More than flowers or sunshine or April showers, it is baseball that is our true April love. It has been that way as long as most of us can remember.

After all, baseball is America's game. Granted it may have gone global, but we invented it, and we love it.  

In fact, we love it so much, that when opening day of baseball season finally arrives, folks take off work often braving bitter temperatures and cold rain just to watch. You know the drill.

Some of us have to be there. Period.

Others of us prefer the coziness of our homes or offices on opening day, but make no mistake, we are paying attention just the same.

Each spring, baseball makes us believe all over again that all things are possible (i.e. how about those Royals), for a few weeks at least.

Any team can win the Pennant on opening day, maybe even the World Series. The worst team in the league can be at 500 in mere days. The coaches have winning records, and the pitchers have great stats. Every batter can be Babe Ruth, every fielder Jackie Robinson, on opening day.

If they can be all things, then so can we. At least that is our hope each and every spring.

To be on the safe side, we throw up a silent prayer along with our hopes, "Please do not break our hearts this season!" How well we remember last year when our home team had an indescribably miserable and embarrassing record, we lament.

Let's face it. Some years, it is nearly impossible to be a fan. We pray it will not be such a year.   We pray hard.

"No more 3 to 2 losses in the ninth, please," we beg.
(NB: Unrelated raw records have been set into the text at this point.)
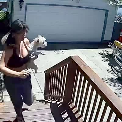 A woman lets two terrier dogs out onto a driveway, then a deer runs after the dogs, and the woman picks up one dog and gets them both back in the house. Security footage, no audio.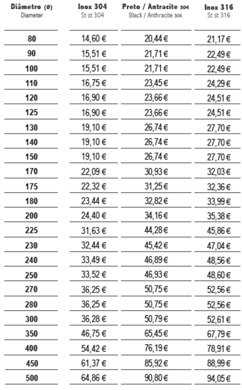 Chaminé de Inox Parede Simples D.80 em Inox 304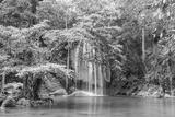 Beautiful waterfall in tropical jungle forest with big green tree and emerald lake on foreground. Nature landscape of Erawan National park, Kanchanaburi, Thailand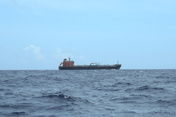 quand même vu trois bateaux, un container-ship et deux cargos, dont l'un peu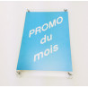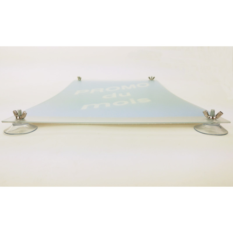 Ce support d'affiche transparent avec ventouses de fixation permet d’éviter toute dégradation du support sur lequel il est accroché, en effet les ventouses de fixation de ce panneau porte visuel ne laissent pas de trace de colle et évitent de faire des trous de fixation.
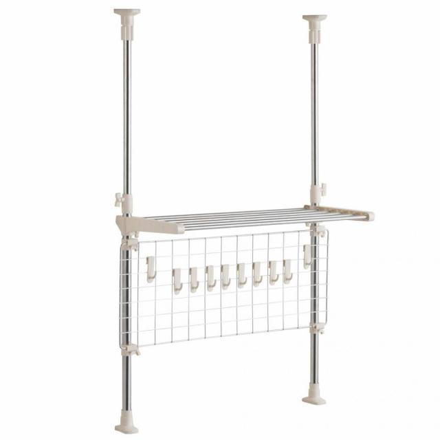 つっぱり キッチンラック スペース 有効活用 ネット付き ワームグレー ベストコ NY-1003 台所 吊り下げ フック 収納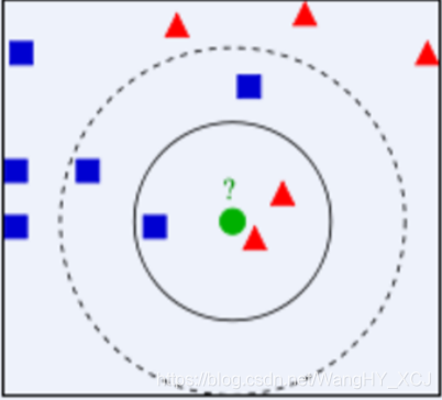 根据上图所示,有两类不同的样本数据,分别⽤蓝色的小正方形和红色的小三角形表示,而图正中间的那个绿⾊的圆所标示的数据则是待分类的数据。也就是说,现在,我们不知道中间那个绿色的数据是从属于哪⼀类(蓝色小正方形或者红色小三角形),下面,我们就要解决这个问题:给这个绿色的圆分类。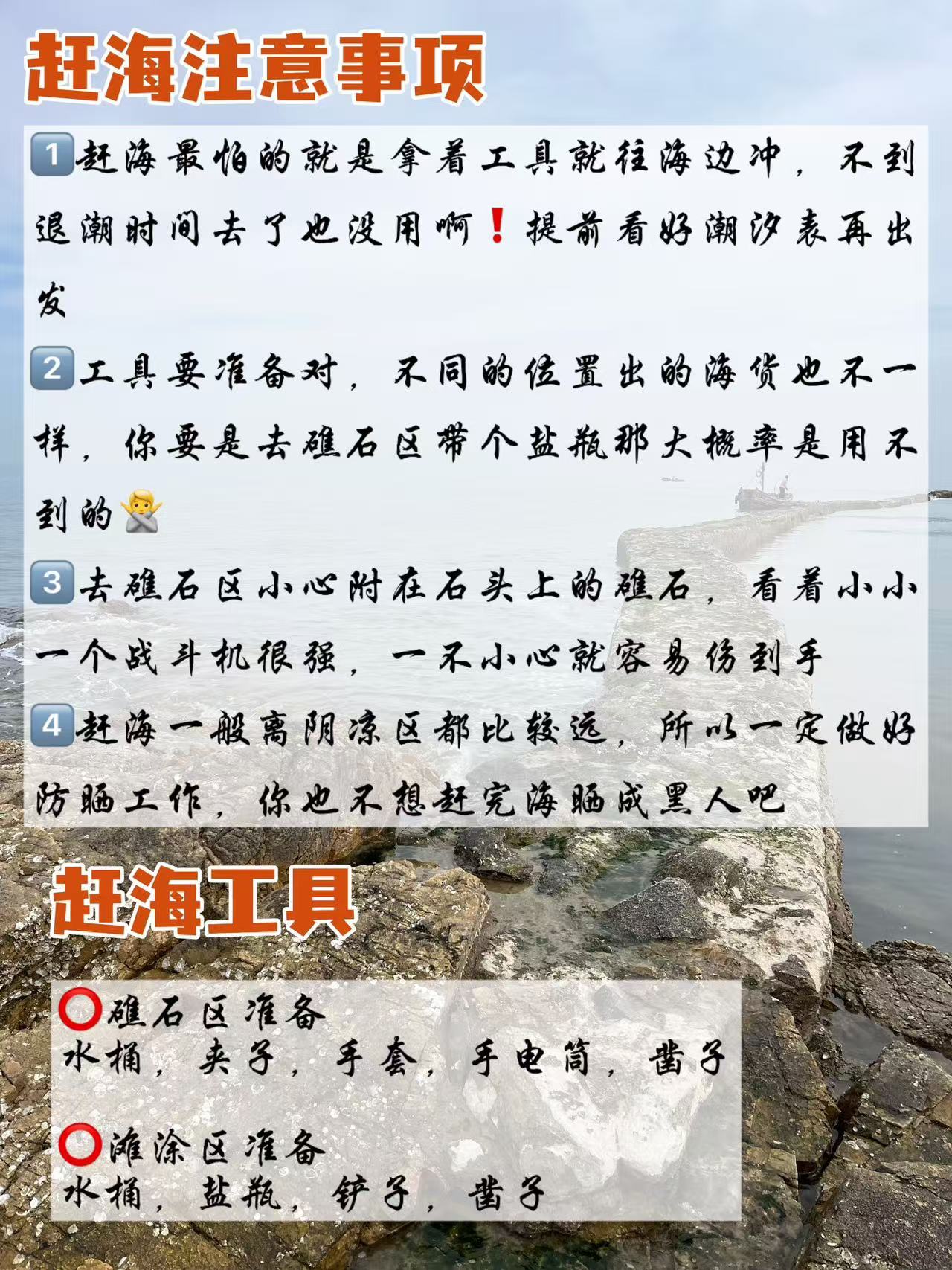 1️⃣赶海最怕的就是拿着工具就往海边冲,不到退潮时间去了也没用啊❗️提前看好潮汐表再出发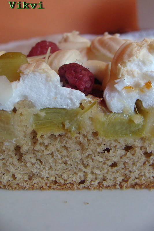 Végre sikerült, olyan rebarbarás süteményt készítenem, ami ízlett a Férjemnek. A titkok nagymama konyhája című szakácskönyvben találtam. Nekem nagyon ízlett, főleg a tésztája, finom fűszeres. Gyerkőcöknek a hab a tetején ízlett igazán. Szóval mindenkinek volt valami kedvence benne.Én dobtam bele pár szem málnát is, de eredeti recept szerint csak rebarbarás a torta.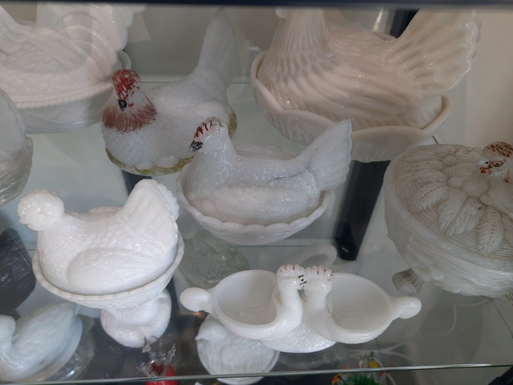Meer dan 30 jaar geleden begonnen met het verzamelen van roze persglas en in de loop van de jaren is deze verzameling uitgebreid met alle kleuren glas gemaakt in Europa en Amerika.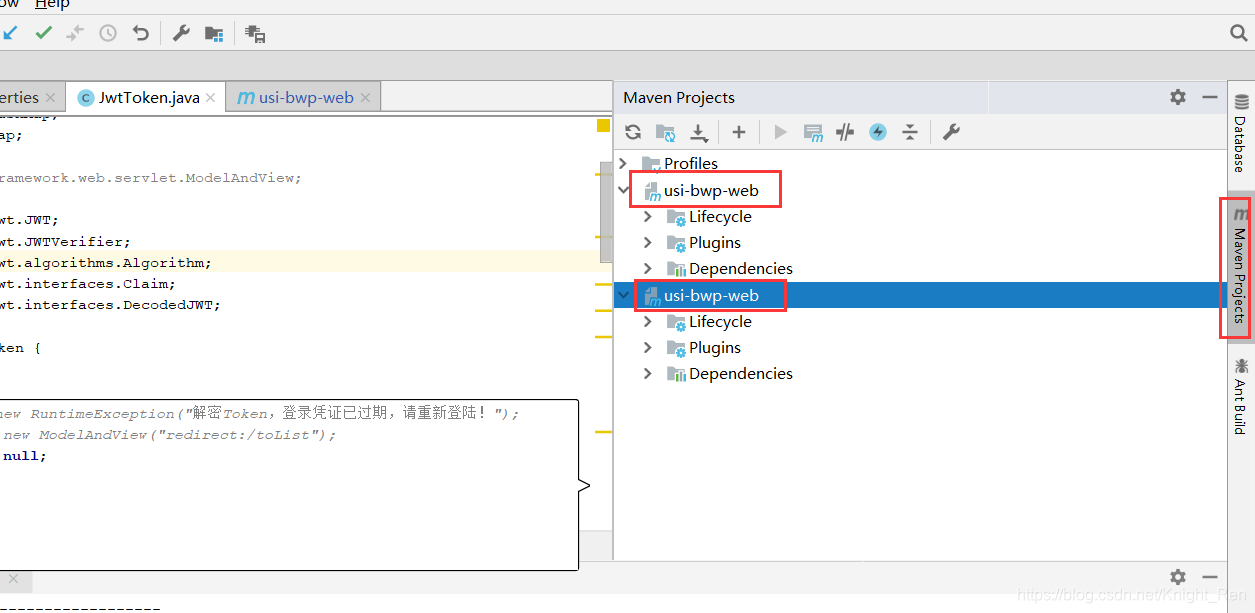 IDE 的maven projects模块出现两个一样的项目生命周期

"No more pitchers losing their groove."

"No more batting slumps by our star hitter."

Ernest Lawrence Thayer understood our baseball psyche, our worries, and desperate baseball prayers such as these as long ago as 1888. That is when he wrote "Casey at the Bat", the single most famous baseball poem ever written. "Casey at the Bat" was first published June 3, 1888, in the San Francisco Examiner .

Another writer Albert Spalding once wrote of it, "Love has its sonnets galore. War has its epics in heroic verse. Tragedy, its somber story in measured lines. Baseball has Casey at the Bat."

In his legendary poem, Thayer describes a baseball hero, the mighty Casey who is advancing to the bat just in time to save the day for Mudville's home team.

It is fun to remember some of the poem's perfectly written verses. Here are some excerpts:

"The outlook wasn't brilliant for the Mudville nine that day.

The score stood four to two, with but one inning more to play...

A sickly silence fell upon the patrons of the game

A straggling few got up to go in deep despair.

The rest clung to the hope that springs eternal in the human breast;

They thought, if only Casey could get but a whack at that,

We'd put up even money, now, with Casey at the bat...

Close by the sturdy batsman the ball unheeded sped,

'That ain't my style,' said Casey. 'Strike one,' the umpire said...

He signaled to the pitcher, and once more the spheroid flew;

But Casey still ignored it and the umpire said, 'Strike two'..."

Thus the legendary story goes, but let us pretend we don't know how badly the game ended.

After all, it is April. Baseball season has just begun and all things are possible once again.

Case in point. I have the fever and cannot for the life of me resist saying one more time "How about those Royals."